Ya tengo el vuelo reservado, mi madre está encantada de que vaya a verla, he hecho la maleta y Kate ha accedido a acompañarme al aeropuerto. Christian me ha ordenado que me lleve la BlackBerry y el Mac. Pongo los ojos en blanco al recordar su despotismo, pero ahora me doy cuenta de que él es así. Le gusta controlarlo todo, incluida yo. Sin embargo, también puede ser tan impredecible y desconcertantemente agradable… Puede ser tierno, alegre, e incluso dulce. Y, cuando lo es, resulta tan imprevisible e inesperado… Ha insistido en acompañarme hasta el coche, que estaba aparcado en el garaje. Por Dios, que solo me voy unos días; se comporta como si me marchara durante varias semanas. Me tiene siempre desconcertada.

– ¿Ana Steele?

Una mujer de melena negra prerrafaelita, de pie junto al mostrador de recepción, me saca de mi ensimismamiento. Tiene el mismo aire bohemio y etéreo que la recepcionista. Tendrá unos treinta y muchos, quizá cuarenta y pocos; resulta muy difícil de saber con mujeres de cierta edad.

– Sí -respondo, y me levanto desmañadamente.

Me dedica una sonrisa educada, sus fríos ojos castaños me escudriñan. Visto uno de los conjuntos de Kate, un pichi negro con una blusa blanca y mis zapatos negros de tacón. Muy de entrevista, creo yo. Llevo el pelo recogido en un moño prieto y, por una vez, los mechones se están comportando. Me tiende la mano.

– Hola, Ana, me llamo Elizabeth Morgan. Soy la jefa de recursos humanos de SIP.

– ¿Cómo está?

Le estrecho la mano. La veo muy informal para ser jefa de recursos humanos.

– Sígueme, por favor.

Pasamos la puerta de doble hoja que hay detrás de la zona de recepción y entramos en una oficina grande y diáfana de decoración luminosa, y de ahí a una pequeña sala de reuniones.
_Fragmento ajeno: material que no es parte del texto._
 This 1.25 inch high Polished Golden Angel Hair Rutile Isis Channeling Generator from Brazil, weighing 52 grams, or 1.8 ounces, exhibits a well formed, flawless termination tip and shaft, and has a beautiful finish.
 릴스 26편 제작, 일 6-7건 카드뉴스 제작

Las paredes son de color verde claro y están llenas de fotos de cubiertas de libros. A la cabecera de la mesa de conferencias de madera de arce está sentado un hombre joven, pelirrojo, con la melena recogida en una coleta. En ambas orejas le brillan unos pequeños aros de plata. Viste camisa azul claro, sin corbata, y pantalones de algodón gris oscuro. Cuando me acerco a él, se levanta y me mira con unos ojos azul oscuro insondables.

– Ana Steele, soy Jack Hyde, director de adquisiciones de SIP. Encantado de conocerte.
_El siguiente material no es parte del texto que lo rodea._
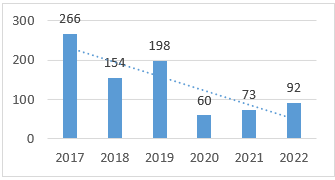 U periodu 2020-2022. godina, vrijednost ovog indikatora je ispod utvrđenog cilja do 2027. godine (100), te je u narednim godinama potrebno činiti napore na zaustavljanju daljeg trenda rasta.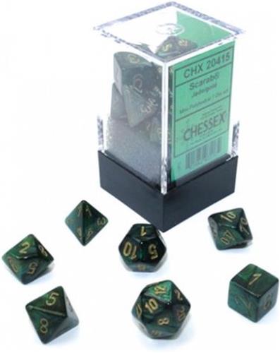 - Bij Spellenrijk kun je Chessex Scarab Mini-Polyhedral Jade/gold Dobbelsteen Set (7 stuks) kopen voor de prijs van € 6,95. Dit is vandaag de goedkoopste webshop.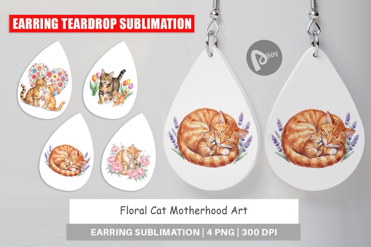 Teardrop Earring Png Gift For New Mom Earring Sublimation Designs Sublimation Earrings Png Printable Earring Design Diy Jewelry Gift Motherhood Gift Floral Cat Motherhood Floral Cat Jewelry Cat Mom Jewelry

Nos damos la mano. Su mirada oscura me resulta impenetrable, aunque suficientemente afable, creo.

– ¿Vienes de muy lejos? -me pregunta amablemente.

– No, acabo de mudarme a la zona de Pike Street Market.

– Ah, entonces vives muy cerca. Siéntate, por favor.

Me siento, y Elizabeth toma asiento a mi lado.

– Dinos, ¿por qué quieres trabajar como becaria en SIP, Ana? -pregunta.

Pronuncia mi nombre con suavidad y ladea la cabeza, como alguien que yo me sé; resulta inquietante. Esforzándome por ignorar el recelo irracional que me inspira, me lanzo a soltarle mi discurso cuidadosamente preparado, consciente de que un rubor sonrosado se extiende por mis mejillas. Los miro a los dos, recordando la charla de Katherine Kavanagh sobre cómo salir airoso de una entrevista: «¡Mantén el contacto visual, Ana!». Dios, qué mandona puede ser ella también, a veces. Jack y Elizabeth me escuchan con atención.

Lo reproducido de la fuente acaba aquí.